Peter FitzSimons hits back at Stan Grant for mocking wife
Peter Fitzsimons has hit back after ABC political journalist and former friend Stan Grant mocked the writer and his wife Lisa Wilkinson.
Grant took aim at the couple’s annual harbourside party, which usually occurs on the highly controversial January 26.
“What a woke leftie love-in that was: actors, writers, couple of ex-Wallabies (well it was the North Shore), a few washed up politicians,” Grant wrote in a chapter for The Australian's serialised murder mystery Oh Matilda: Who Bloody Killed Her?
“Even a couple of liberals (small l of course) and a former managing director of the ABC for good measure.
“Everyone there voted yes for same-sex marriage - the year before last, they'd all tearily applauded their first gay married couple guests - they hated the Catholic Church and had cried when Kevin Rudd said sorry.”
FitzSimons responded in a fiery rebuttal for the Sydney Morning Herald on Sunday, calling Grant's comments “rather odd”.
“Stan has been a semi-regular attendee [of the couple's parties], only to write a mocking piece about it in The Australian a fortnight ago,” he wrote.
Image: Instagram @LisaWilkinson
FitzSimons responded to a comment where Grant mentioned that the hosts “adored Indigenous culture”.
“There were dot paintings on the wall, a photo with their arms around Cathy Freeman at Sydney Olympic Stadium, and a framed copy of Paul Keating's Redfern Statement signed by the last great Australian prime minister himself.”
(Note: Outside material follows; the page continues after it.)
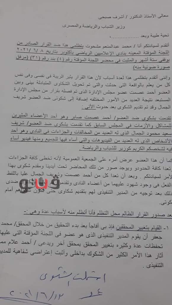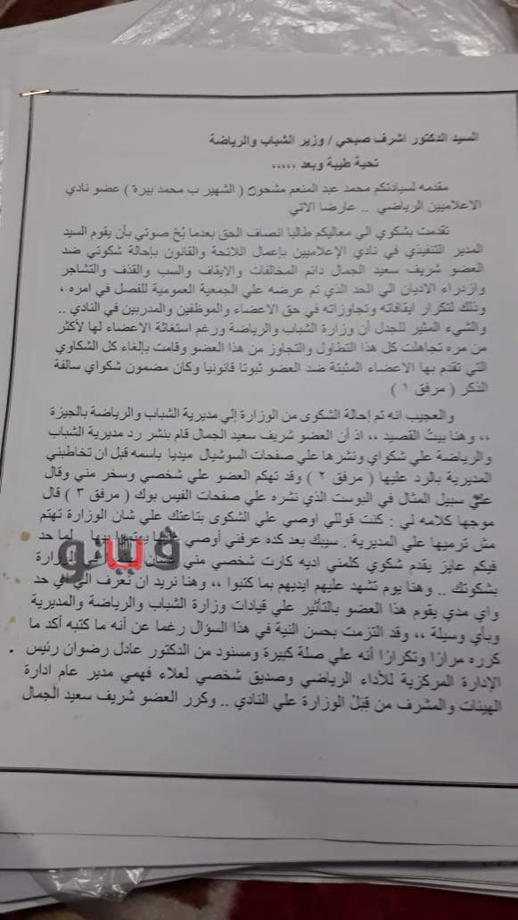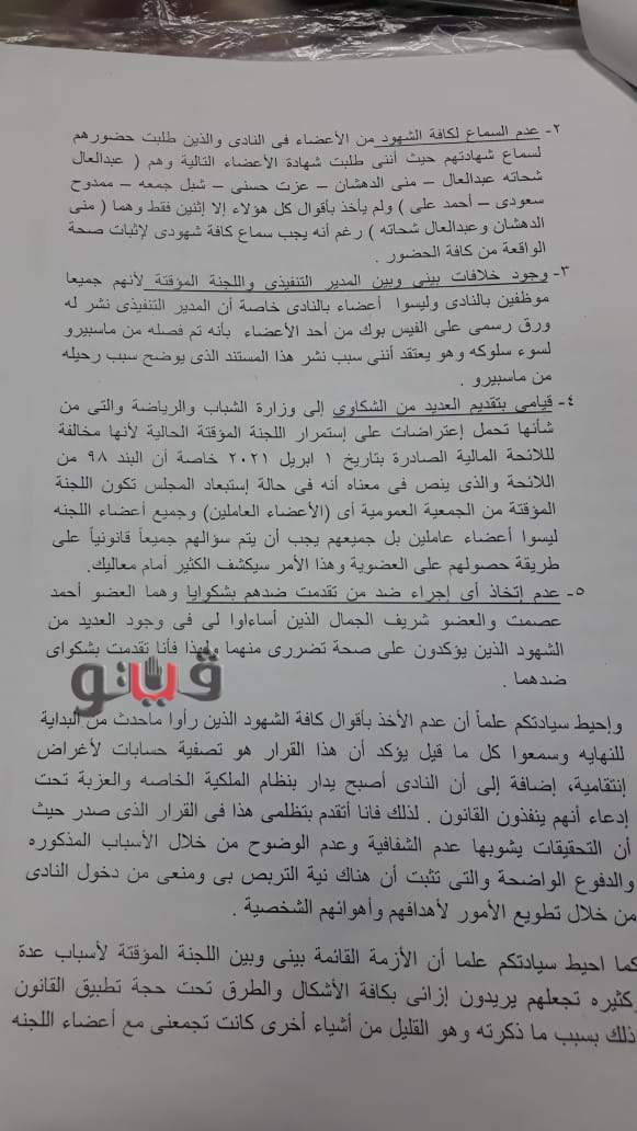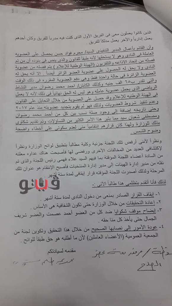 وكانت شكاوى للوزارة تضمنت اتخاذ مجلس الإدارة السابق عقوبات بالإيقاف ضد العضو، إلا أنهم تفاجأوا بأن اللجنة المؤقتة التي عينتها وزارة الشباب والرياضة إدارة النادي رفعت تلك العقوبات ويتواجد العضو باستمرار في النادي، وهو ما دفعهم لتقديم شكاوى في وزارة الشباب والرياضة ضد هذا العضو وضد اللجنة المؤقتة.
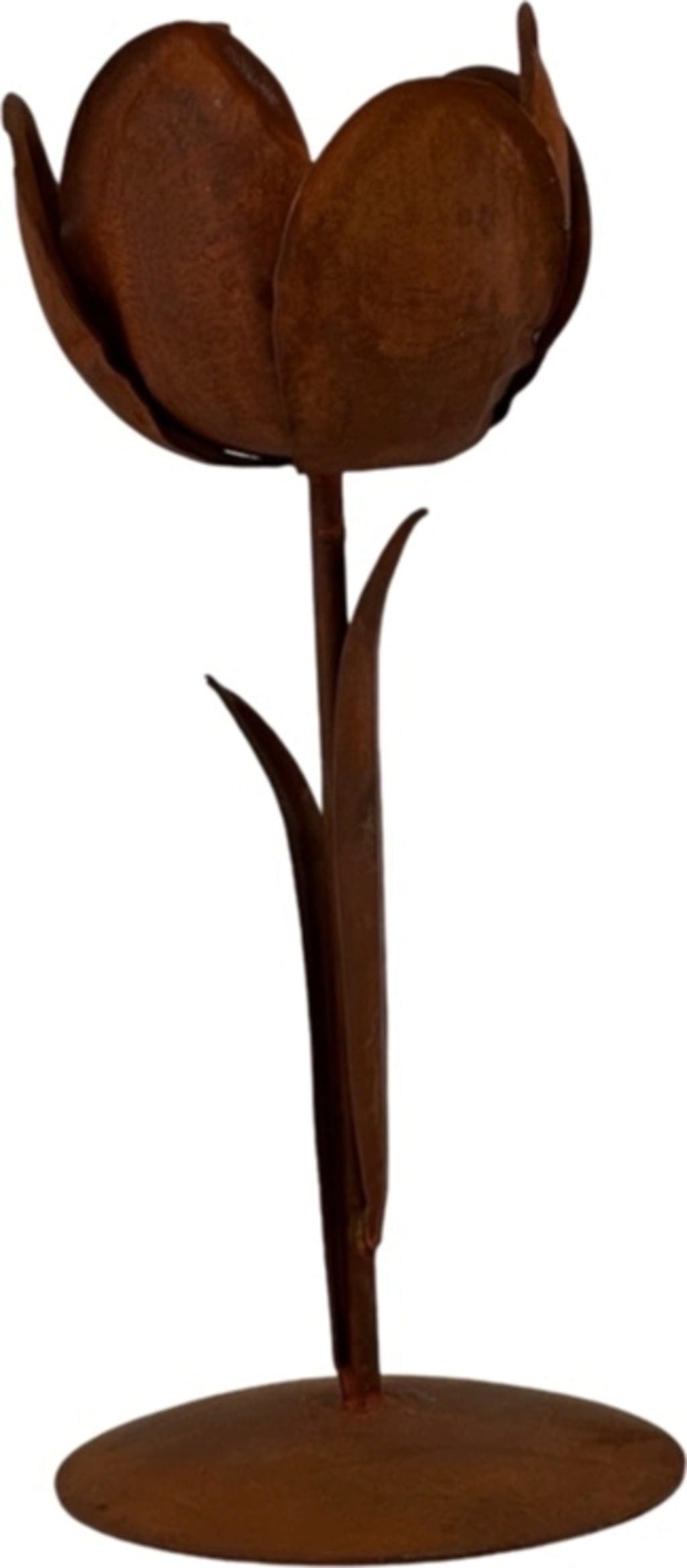 The “Tulip” candle holder adds a touch of romantic charm to any table. Designed in the shape of a delicate flower, it provides a decorative setting for taper candles. Made from sturdy iron with a rustic antique finish, it combines floral elegance with rustic charm.

FitzSimons hit back though and fiercely denied owning any Indigenous artwork.
“For the record, and contrary to what Stan wrote, I don't have a framed Redfern speech on my wall, nor a photo of me hugging Cathy Freeman, nor Indigenous paintings,” he wrote.
“We don't even have the party on Australia Day any more, having moved it to an Independence Day gathering the day before, for obvious reasons.”
FitzSimons also said his friendships have “never been confined by political allegiances” in response to Stan's “lefty love-in” remark.
He ended his piece by writing that anyone who wondered why they weren’t invited in recent years to the annual party should “fear not” as a “couple of vacancies have just opened up” – a curt reference to Grant no longer being invited.